Abstract Human cytomegalovirus (HCMV) transmission from mother to fetus is implicated in ~15% of stillbirths and ~16,000 birth defects annually in the US. HCMV is also the major viral cause of medical complications associated with bone marrow and organ transplantation. Passive immunization using anti-HCMV enriched human immune globulin (HIG) has shown promising activity for both indications. HIG is a complex, variable product that may cause side effects from off-target antibody binding. A monoclonal antibody (mAb) offers qualitative advantages over HIG including potency, safety, production efficiency and quality control. Trellis Bioscience has discovered a high affinity native human mAb (TRL345) against the most conserved site on the HCMV virion (gB AD-2 Site I). TRL345 is a human IgG1kappa (G1m1,17 (z,a); Km3 allotype) monoclonal antibody cloned from human B lymphocytes. This mAb neutralized 15 out of 15 clinical isolates of all four major serotypes. It protected all of the specialized cell types relevant to human pathology. It was also fully protective in a model of human placental fragments grown as tissue explants ex vivo. This published work was completed under a Phase I/II SBIR grant. A Master Cell Bank has been developed that expresses TRL345 in CHO cells at a commercially useful level (1.74 g/L) at the 250L GMP scale. All IND-enabling analytical work has been completed, including GLP toxicology in rats and tissue reactivity profiling. With SBIR CRP funding, the first clinical lot has been manufactured yielding sufficient material for Phase 1 and 2 human clinical trials. We propose here to conduct a Phase 1 single ascending dose clinical trial in healthy volunteers.

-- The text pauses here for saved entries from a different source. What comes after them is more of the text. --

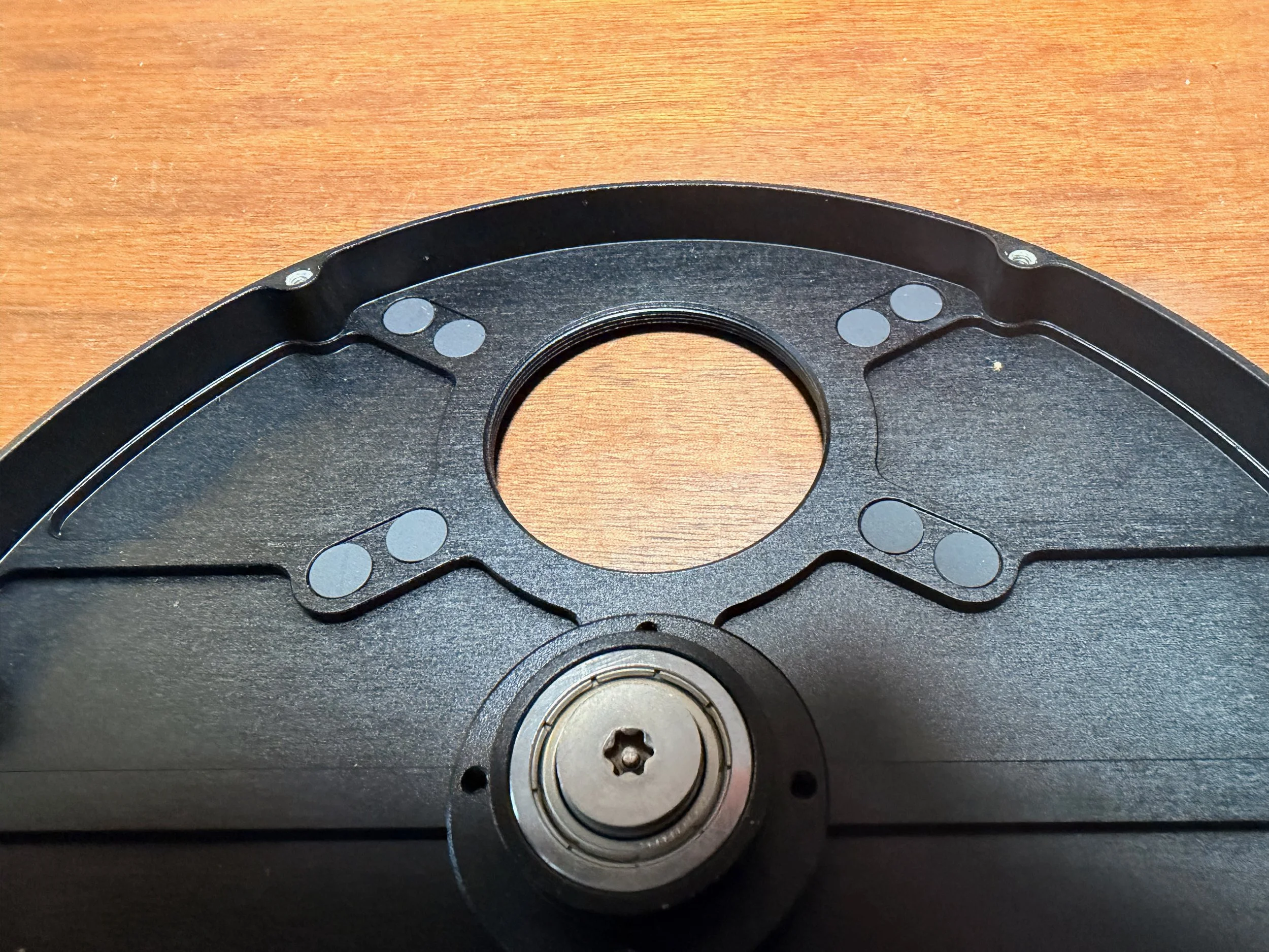 The four screws holding the wheel in are removed and we can now see the two sets of four mounting holes. These are covered by light-blocking plugs.
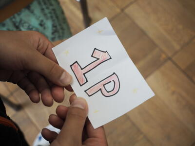 また、今年もポイントの1つとして、「二宮小ボランティア」の方々が、「にのみやいいな&ぼうさいクイズ」のブースを出してくださいました。「吾妻山」「相模湾」「葛川」など、みんなに親しまれている場所を防災の視点からクイズにしたものです。子どもたちは、班のみんなと悩みながら、また協力しながら答えを出していました。
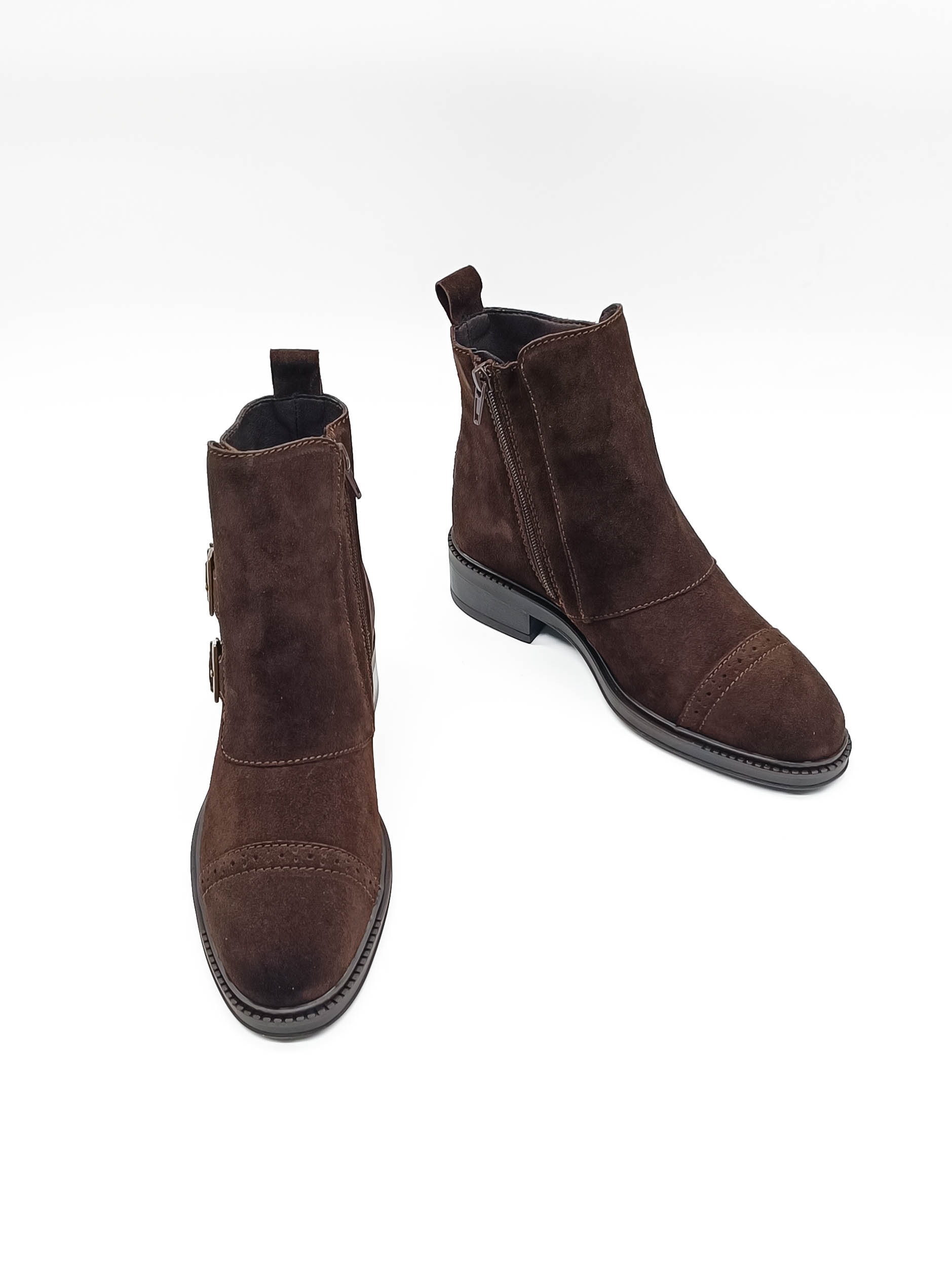 Botines de mujer en piel s de serraje. Con los detalles de las hebillas pero cierre en el costado interior con cremallera. Un estilo masculino ideal para darle esa impronta a todos tus looks. Pueden parecer algo rígidos al principio pues el grosor de estas pieles es algo mayor pero es una piel aguanta bien el agua y protege del frío. Se doman con facilidad.
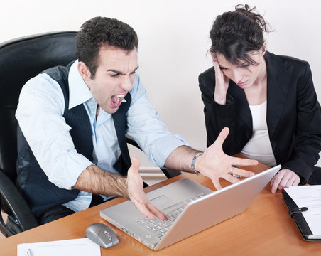 A young dark-haired man in a sporting gray sweatshirt is upset, upset and keeps his hands on his head on a black isolated background, the torturer suffers a headache
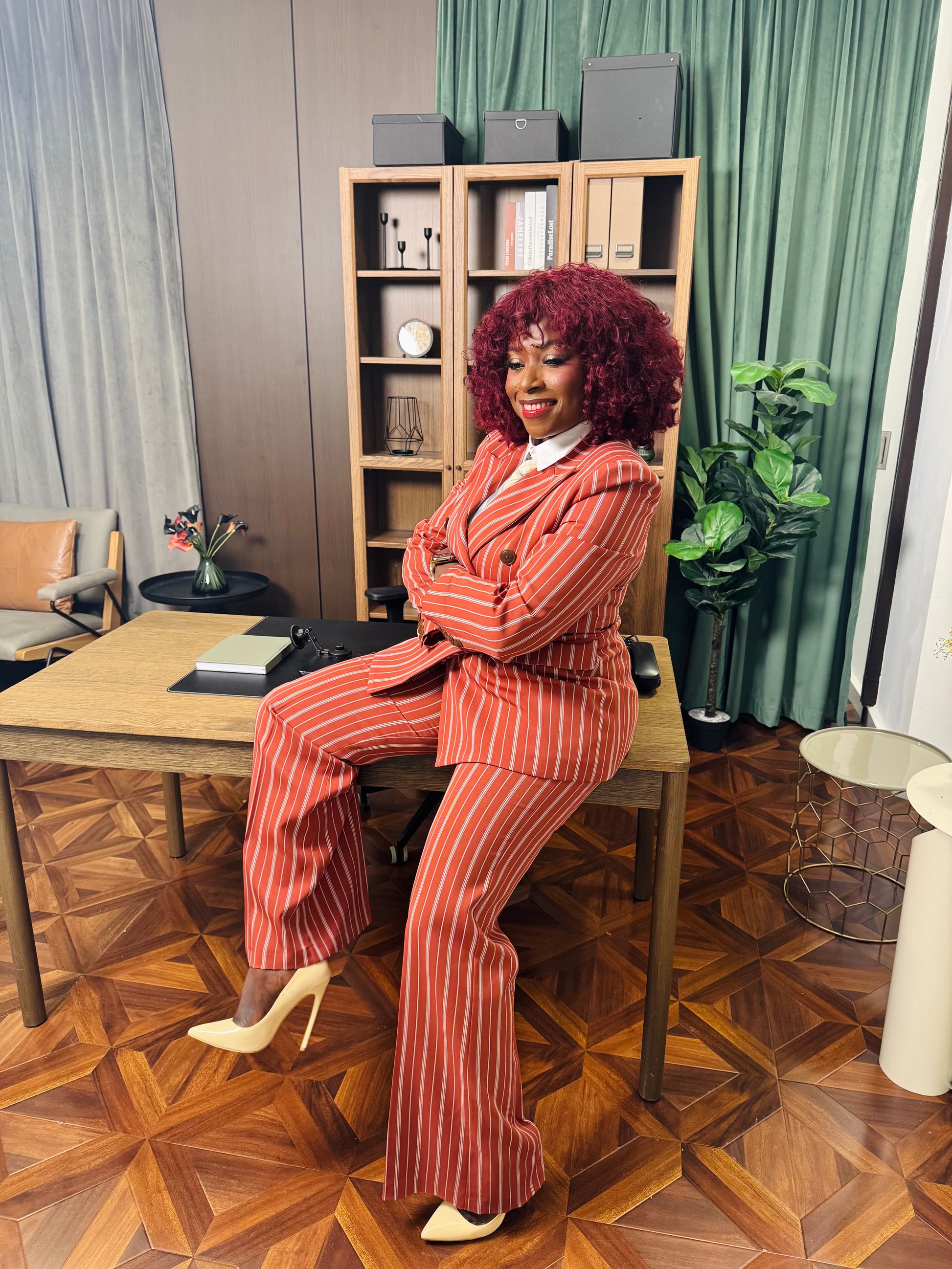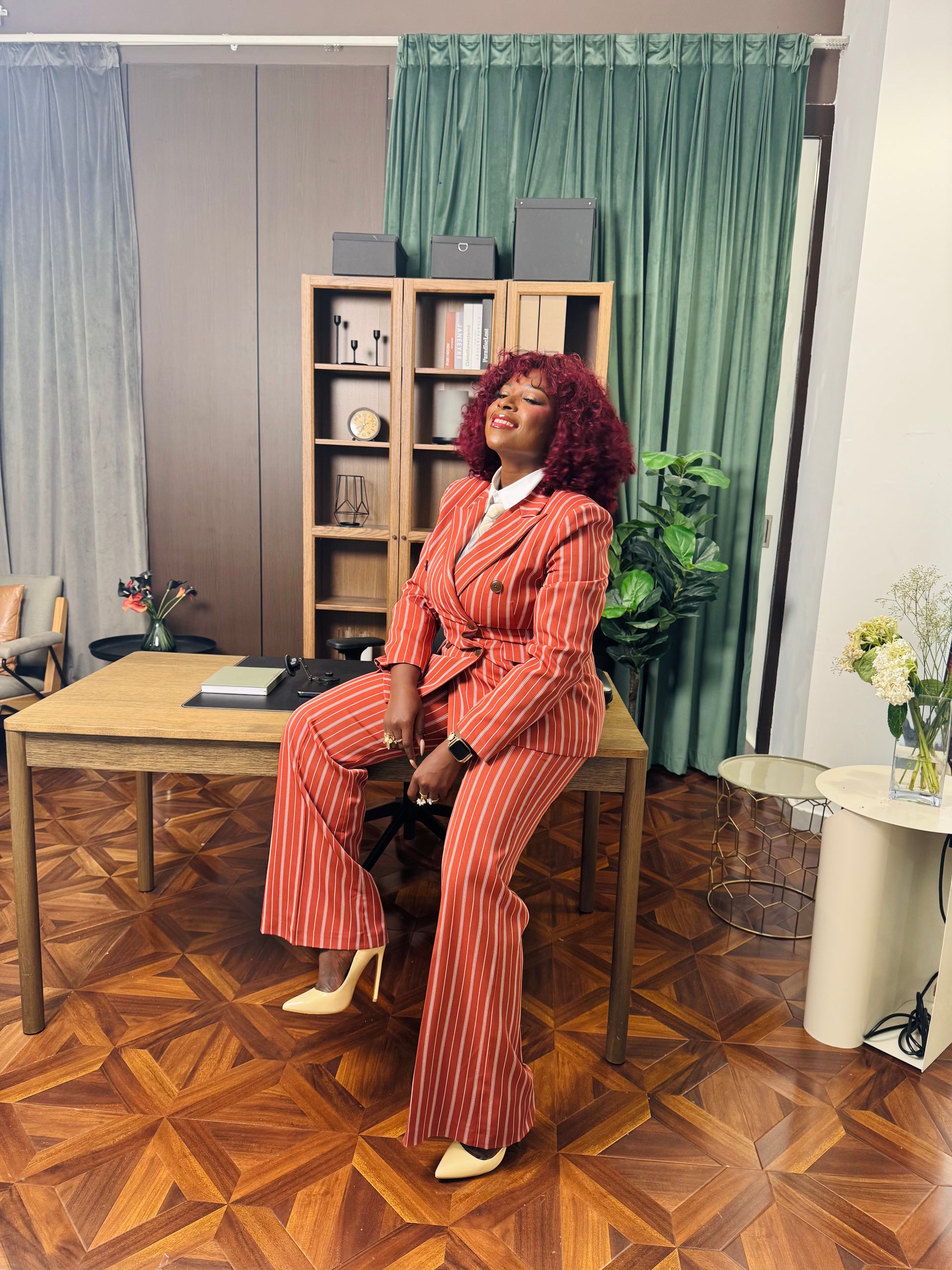 A refined, tailored suit designed for the modern woman who owns her space. This set features elongated pinstripes that visually lengthen the silhouette, a structured blazer that cinches at the waist for a flattering shape, and wide-leg trousers that move with confidence. Made with premium fabric for comfort, posture, and all-day polish, it’s the perfect blend of authority and elegance—ideal for boardrooms, events, and elevated everyday style.
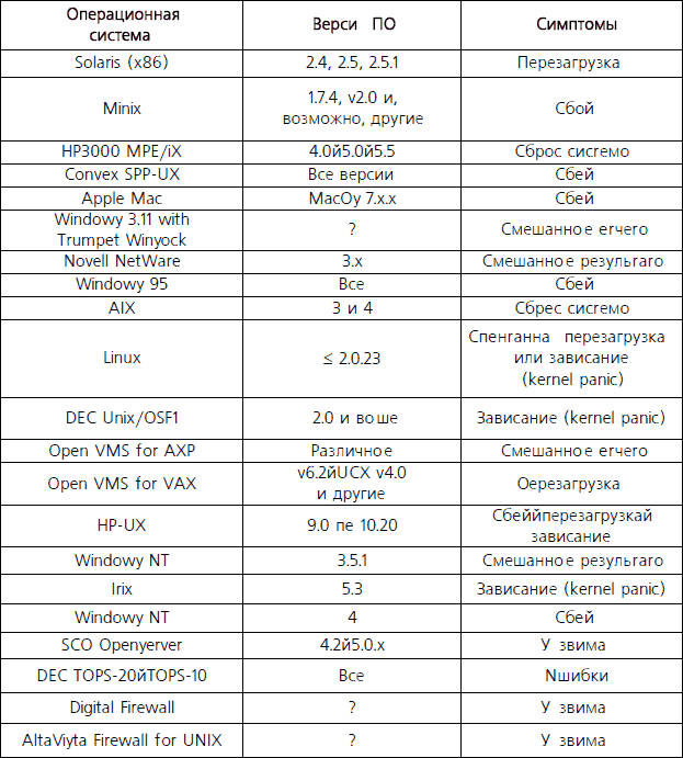 Итак, 18 декабря 1996 года на информационном сервере CERT появились сообщения о том, что большинство сетевых операционных систем, поддерживающих протоколы TCP/IP, обладают следующей уязвимостью: при передаче на них IP-пакета длиной, превышающей максимально допустимое значение, в этих ОС переполняется буфер или переменная, в результате система «зависает» или перезагружается, то есть налицо отказв обслуживании. Был приведен и список потенциально опасных платформ:
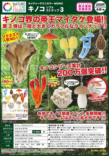 2013年7月21日 投稿者: sonokinoko キノコソフトストラップ3! あぁ!二つ目にして一番欲しかったソライロタケが出てきました!うっ嬉しすぎる! 一つ目はタマゴタケ、ひだもきれいでしょう?シマシマも! でもアミガサダケが出るまではやります!
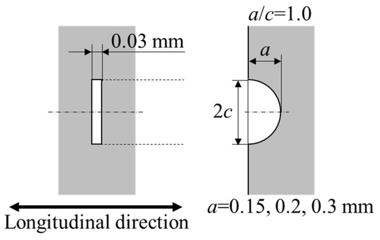 As an artificial surface defect, a semicircular slit was induced on the surface of the specimen by electric discharge machining to simulate an initial crack-like surface defect. Figure 4 depicts the shape and dimensions of the surface slit. The semicircular slit depths were 0.15, 0.20, and 0.30 mm.
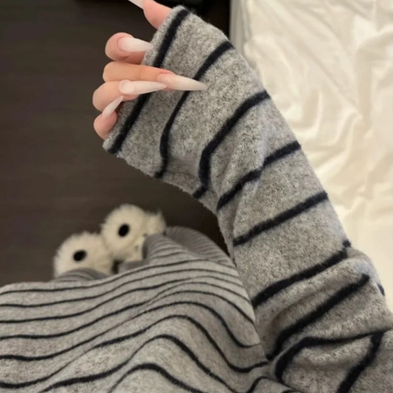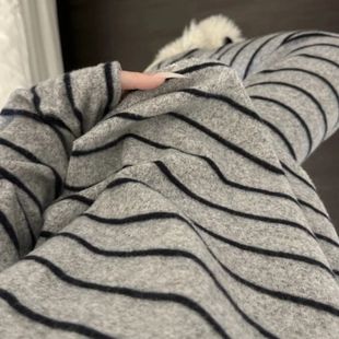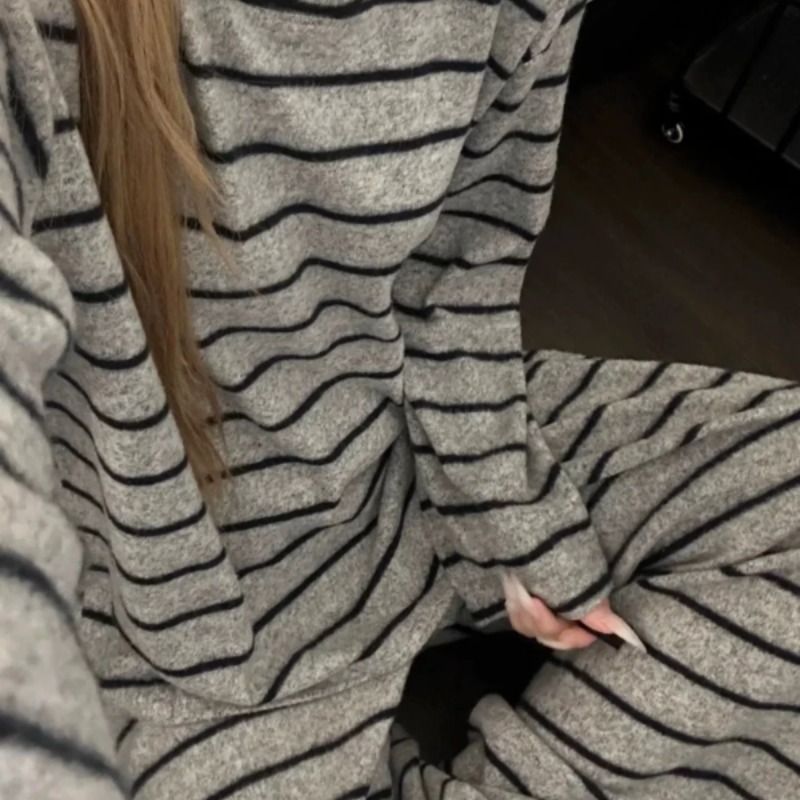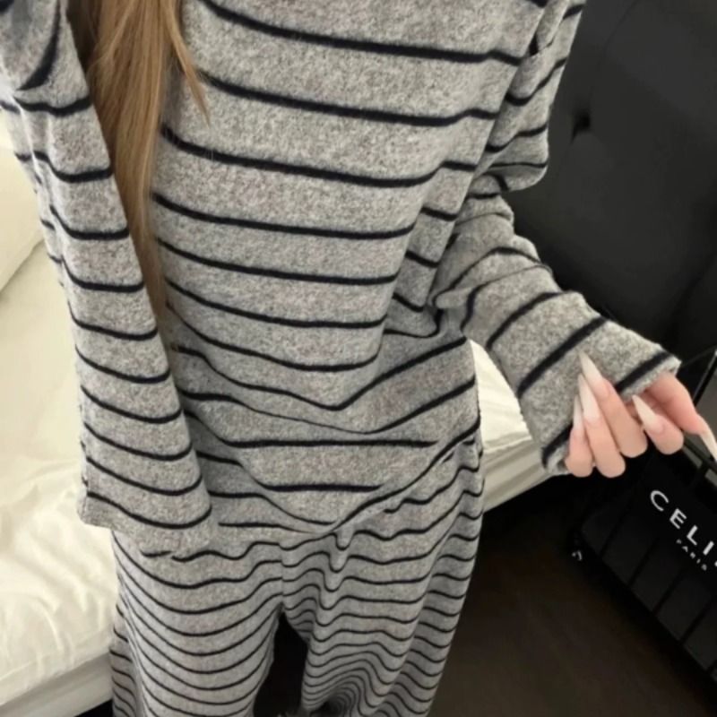 宽松德绒家居服套装 长裤 ins简约条纹睡衣女学生保暖圆领长袖 韩版

抽象的 人类巨细胞病毒 (HCMV) 从母亲传播给胎儿与约 15% 的死产和胎儿有关 美国每年约有 16,000 例出生缺陷。 HCMV 也是相关医疗并发症的主要病毒原因 与骨髓和器官移植。使用富含抗 HCMV 的人体免疫进行被动免疫 球蛋白 (HIG) 对于这两种适应症都显示出有希望的活性。 HIG 是一种复杂、多变的产品，可能 导致抗体结合脱靶产生副作用。单克隆抗体 (mAb) 具有质量优势 HIG 的主要内容包括效力、安全性、生产效率和质量控制。 Trellis Bioscience 发现 针对 HCMV 病毒颗粒上最保守的位点（gB AD-2 位点）的高亲和力天然人单克隆抗体 (TRL345) 我）。 TRL345 是从人 B 克隆的人 IgG1kappa (G1m1,17 (z,a); Km3 同种异型) 单克隆抗体 淋巴细胞。该 mAb 中和了所有四种主要血清型的 15 种临床分离株中的 15 种。它保护了所有 与人类病理学相关的特殊细胞类型。它在人类胎盘模型中也具有完全保护作用 片段作为组织外植体离体生长。这项发表的工作是在 I/II 期 SBIR 资助下完成的。 已开发出主细胞库，可在 CHO 细胞中以商业可用水平表达 TRL345 (1.74 g/L) 在 250L GMP 规模下。所有支持 IND 的分析工作均已完成，包括 GLP 毒理学 在大鼠和组织反应性分析中。在 SBIR CRP 的资助下，第一个临床批次已经生产出来 为第一阶段和第二阶段人体临床试验提供足够的材料。我们在此建议进行第一阶段单曲 在健康志愿者中进行的剂量递增临床试验。